**Try it:** Leaving out the pictures, return word for word the stretch of entries below from the line holding "An Edwardian silver" through the line holding "The MARTIN outdoor".

**Task data:**
══════════════════════════════
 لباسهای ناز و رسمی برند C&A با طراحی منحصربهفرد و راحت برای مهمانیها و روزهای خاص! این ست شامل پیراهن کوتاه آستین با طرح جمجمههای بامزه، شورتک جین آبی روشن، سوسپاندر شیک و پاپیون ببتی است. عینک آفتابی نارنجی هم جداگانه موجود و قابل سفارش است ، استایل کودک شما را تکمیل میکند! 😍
══════════════════════════════
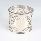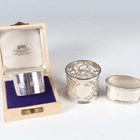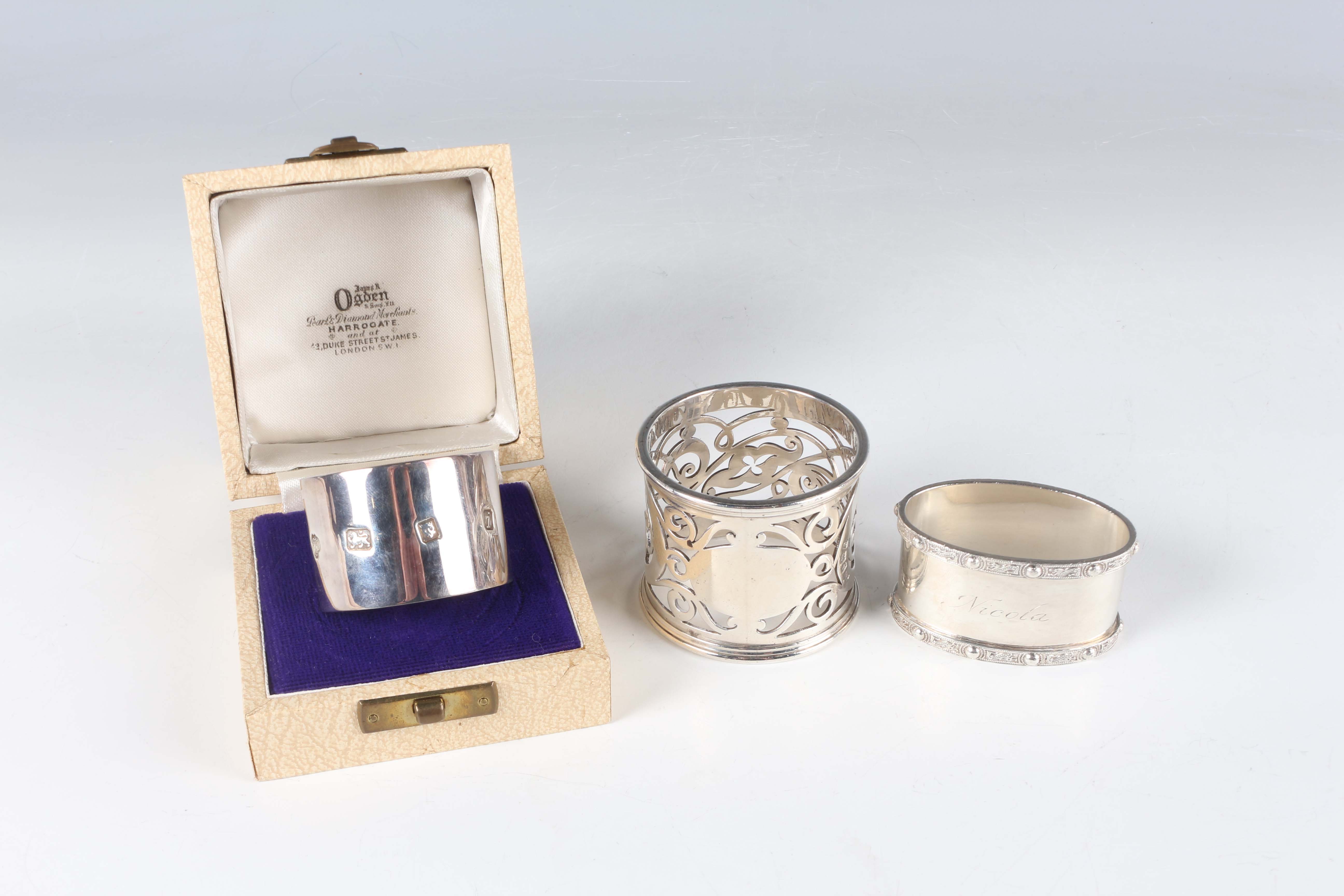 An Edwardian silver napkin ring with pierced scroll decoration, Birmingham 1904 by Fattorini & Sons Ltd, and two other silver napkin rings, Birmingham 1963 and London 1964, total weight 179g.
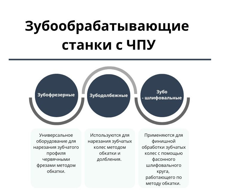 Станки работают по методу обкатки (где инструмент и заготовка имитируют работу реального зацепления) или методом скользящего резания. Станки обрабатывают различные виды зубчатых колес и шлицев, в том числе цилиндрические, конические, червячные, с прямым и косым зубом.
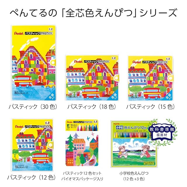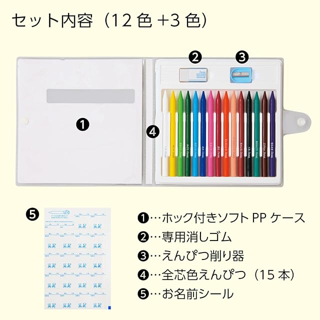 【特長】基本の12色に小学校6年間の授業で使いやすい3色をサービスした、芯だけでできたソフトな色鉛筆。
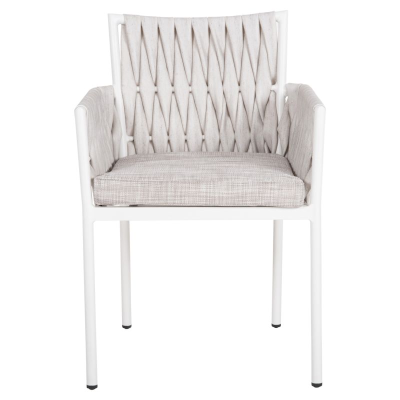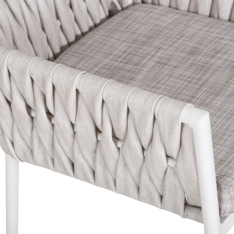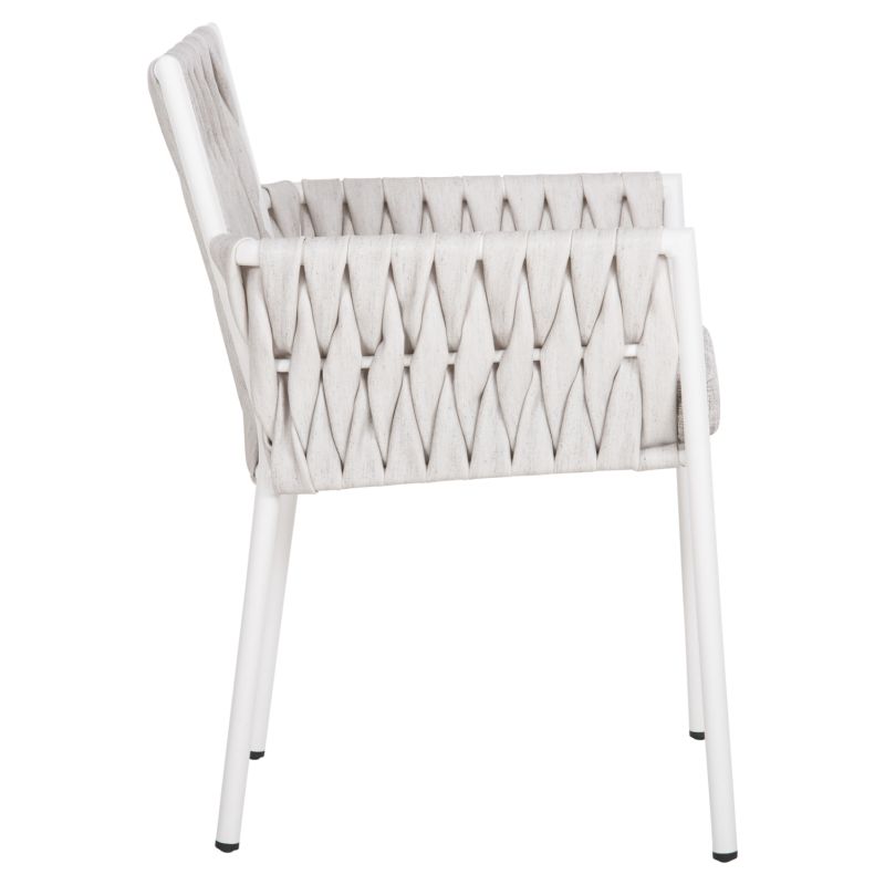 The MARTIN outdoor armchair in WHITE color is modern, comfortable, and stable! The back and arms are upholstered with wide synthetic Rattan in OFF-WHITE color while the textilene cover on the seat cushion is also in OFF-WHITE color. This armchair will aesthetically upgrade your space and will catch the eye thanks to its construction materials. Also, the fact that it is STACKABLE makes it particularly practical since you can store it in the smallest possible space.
══════════════════════════════
**Solution for this task:**
 An Edwardian silver napkin ring with pierced scroll decoration, Birmingham 1904 by Fattorini & Sons Ltd, and two other silver napkin rings, Birmingham 1963 and London 1964, total weight 179g.
 Станки работают по методу обкатки (где инструмент и заготовка имитируют работу реального зацепления) или методом скользящего резания. Станки обрабатывают различные виды зубчатых колес и шлицев, в том числе цилиндрические, конические, червячные, с прямым и косым зубом.
 【特長】基本の12色に小学校6年間の授業で使いやすい3色をサービスした、芯だけでできたソフトな色鉛筆。
 The MARTIN outdoor armchair in WHITE color is modern, comfortable, and stable! The back and arms are upholstered with wide synthetic Rattan in OFF-WHITE color while the textilene cover on the seat cushion is also in OFF-WHITE color. This armchair will aesthetically upgrade your space and will catch the eye thanks to its construction materials. Also, the fact that it is STACKABLE makes it particularly practical since you can store it in the smallest possible space.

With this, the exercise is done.